▶ _Provided data_
________________________________________

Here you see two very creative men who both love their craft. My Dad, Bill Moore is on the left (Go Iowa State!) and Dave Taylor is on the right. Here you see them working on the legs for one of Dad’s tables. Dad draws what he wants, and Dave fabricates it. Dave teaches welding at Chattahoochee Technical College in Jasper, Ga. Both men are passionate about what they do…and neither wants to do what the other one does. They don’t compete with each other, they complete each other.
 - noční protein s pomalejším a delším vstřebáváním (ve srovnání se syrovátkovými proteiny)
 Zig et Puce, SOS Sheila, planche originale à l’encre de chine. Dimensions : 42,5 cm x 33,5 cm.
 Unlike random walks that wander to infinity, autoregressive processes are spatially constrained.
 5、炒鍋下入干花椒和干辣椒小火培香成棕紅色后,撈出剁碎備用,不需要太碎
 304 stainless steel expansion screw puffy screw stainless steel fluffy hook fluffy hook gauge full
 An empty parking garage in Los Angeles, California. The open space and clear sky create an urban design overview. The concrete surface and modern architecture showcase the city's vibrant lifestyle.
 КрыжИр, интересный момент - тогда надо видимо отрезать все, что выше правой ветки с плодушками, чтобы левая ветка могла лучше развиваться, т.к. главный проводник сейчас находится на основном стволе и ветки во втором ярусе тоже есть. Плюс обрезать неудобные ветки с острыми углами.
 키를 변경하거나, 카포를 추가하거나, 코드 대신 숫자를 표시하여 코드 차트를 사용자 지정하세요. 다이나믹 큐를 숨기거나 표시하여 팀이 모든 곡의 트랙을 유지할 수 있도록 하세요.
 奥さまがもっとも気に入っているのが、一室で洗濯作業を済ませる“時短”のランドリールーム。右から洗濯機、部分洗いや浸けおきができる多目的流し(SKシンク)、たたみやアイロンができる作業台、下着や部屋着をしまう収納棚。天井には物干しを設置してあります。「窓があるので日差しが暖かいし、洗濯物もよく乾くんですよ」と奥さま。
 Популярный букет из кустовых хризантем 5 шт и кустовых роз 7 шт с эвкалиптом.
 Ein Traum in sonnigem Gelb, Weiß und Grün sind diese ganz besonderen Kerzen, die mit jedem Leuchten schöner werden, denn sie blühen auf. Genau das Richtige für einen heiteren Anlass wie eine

________________________________________

▶ _Assigned task_
Transcription of all the material must be exact.

▶ _Result of this task_
Here you see two very creative men who both love their craft. My Dad, Bill Moore is on the left (Go Iowa State!) and Dave Taylor is on the right. Here you see them working on the legs for one of Dad’s tables. Dad draws what he wants, and Dave fabricates it. Dave teaches welding at Chattahoochee Technical College in Jasper, Ga. Both men are passionate about what they do…and neither wants to do what the other one does. They don’t compete with each other, they complete each other.
 - noční protein s pomalejším a delším vstřebáváním (ve srovnání se syrovátkovými proteiny)
 Zig et Puce, SOS Sheila, planche originale à l’encre de chine. Dimensions : 42,5 cm x 33,5 cm.
 Unlike random walks that wander to infinity, autoregressive processes are spatially constrained.
 5、炒鍋下入干花椒和干辣椒小火培香成棕紅色后,撈出剁碎備用,不需要太碎
 304 stainless steel expansion screw puffy screw stainless steel fluffy hook fluffy hook gauge full
 An empty parking garage in Los Angeles, California. The open space and clear sky create an urban design overview. The concrete surface and modern architecture showcase the city's vibrant lifestyle.
 КрыжИр, интересный момент - тогда надо видимо отрезать все, что выше правой ветки с плодушками, чтобы левая ветка могла лучше развиваться, т.к. главный проводник сейчас находится на основном стволе и ветки во втором ярусе тоже есть. Плюс обрезать неудобные ветки с острыми углами.
 키를 변경하거나, 카포를 추가하거나, 코드 대신 숫자를 표시하여 코드 차트를 사용자 지정하세요. 다이나믹 큐를 숨기거나 표시하여 팀이 모든 곡의 트랙을 유지할 수 있도록 하세요.
 奥さまがもっとも気に入っているのが、一室で洗濯作業を済ませる“時短”のランドリールーム。右から洗濯機、部分洗いや浸けおきができる多目的流し(SKシンク)、たたみやアイロンができる作業台、下着や部屋着をしまう収納棚。天井には物干しを設置してあります。「窓があるので日差しが暖かいし、洗濯物もよく乾くんですよ」と奥さま。
 Популярный букет из кустовых хризантем 5 шт и кустовых роз 7 шт с эвкалиптом.
 Ein Traum in sonnigem Gelb, Weiß und Grün sind diese ganz besonderen Kerzen, die mit jedem Leuchten schöner werden, denn sie blühen auf. Genau das Richtige für einen heiteren Anlass wie eine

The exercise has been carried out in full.